Theme: So what
Content: A follow-on from Sonnet 111 preoccupied with the author and his dismissive regard for his current shame.
Your love
and pity doth th' impression
fill
Which vulgar scandal stamped upon my
brow;
For what care I
who
calls
me well or ill,
So you o'er-green my
bad, my good allow?
Cute pun on impression as in the impression that others have of the author and a physical impression that can be literally filled (such as the frowns on the author's brow). It's possible that other meanings of impression (such as in printing) are intended aswell. Obvious pun on the author's name in calls me well or ill, especially as well and ill are both stressed syllables. A sonnet preoccupied with the author with 16 occurrences of me, my and I, plus the name-punning.
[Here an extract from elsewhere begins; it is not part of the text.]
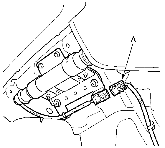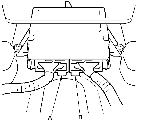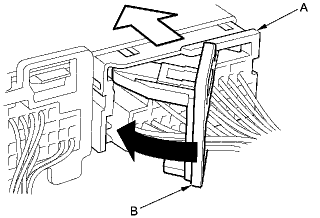 To reconnect the connector (A), push in on the connector. As the connector is pressed in, the lever (B) moves to the locked position.
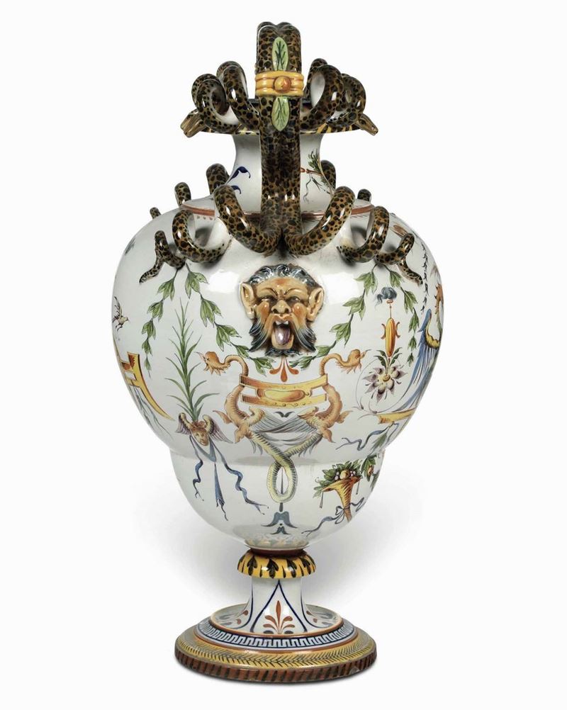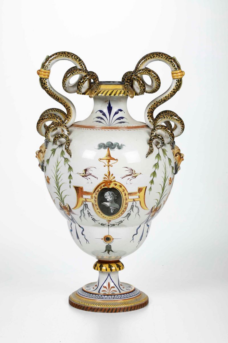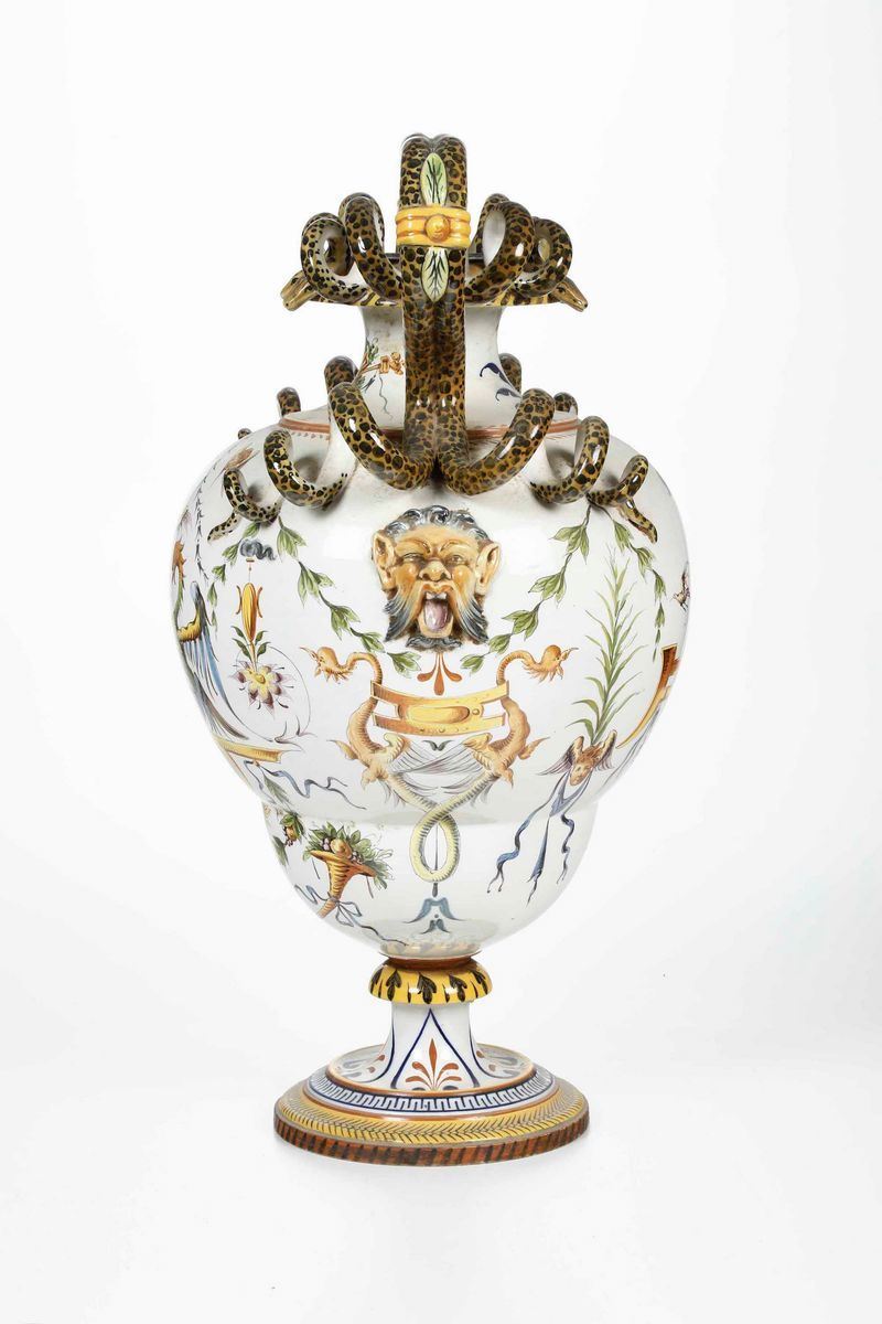 Maiolica dipinta in policromia. Marca: “Ginori” sormontato da corona, in blu; modello 31; decoro 485. Altezza cm 67 . Conservazione: ottima; tre anse dei serpenti rincollate

The contrast between the impression of the author and what he is, is reflected in the contrasting love...pity, well...ill, bad...good pairings.
You are my
all the world,
and I
must strive
To know my shames
and praises from your tongue
None else to me,
nor I to none
alive,
That my
steeled sense or
changes, right or wrong.
- The contrasting continues with All...None, shames...praises, right...wrong
In so profound abyss
I throw all care
Of others' voices that my
adder's sense
To critic and to flatterer stopped are.
Mark how with my
neglect I do
dispense:
- Having opened Q1 & Q2 with You and Your, this quatrain breaks the pattern by having no reference to the subject before the Couplet resumes it with You.
- If Shakespeare uses a word twice he tends not to use the same meaning twice, as here: sense in line 8 means "nature" or "attitude" whilst sense in line 10 means "the sense of hearing".
- It is unclear whether the author is using the adder allusion just to represent his own deafness to the critics and flatterers (an adder's apparent lack of ears and defensive behaviour that can be misconstrued to mean it is deaf), or whether he is portraying himself generally as a snake, perceived or actual. This phrase appears to be inspired by Psalms 58:4: "they are like the deaf adder that stoppeth her ear; Which will not hearken to the voice of charmers, charming never so wisely" though this Biblical passage is disturbingly describing the wicked.
- The contrasting continues with critic...flatterer, voices...[deafness of an] adder.
You are so strongly
in my purpose
bred
That all the world
besides, methinks,
they're dead.
- The contrasting concludes with bred...dead (also used in 104 & 108) and all the world with line 5's my All the world.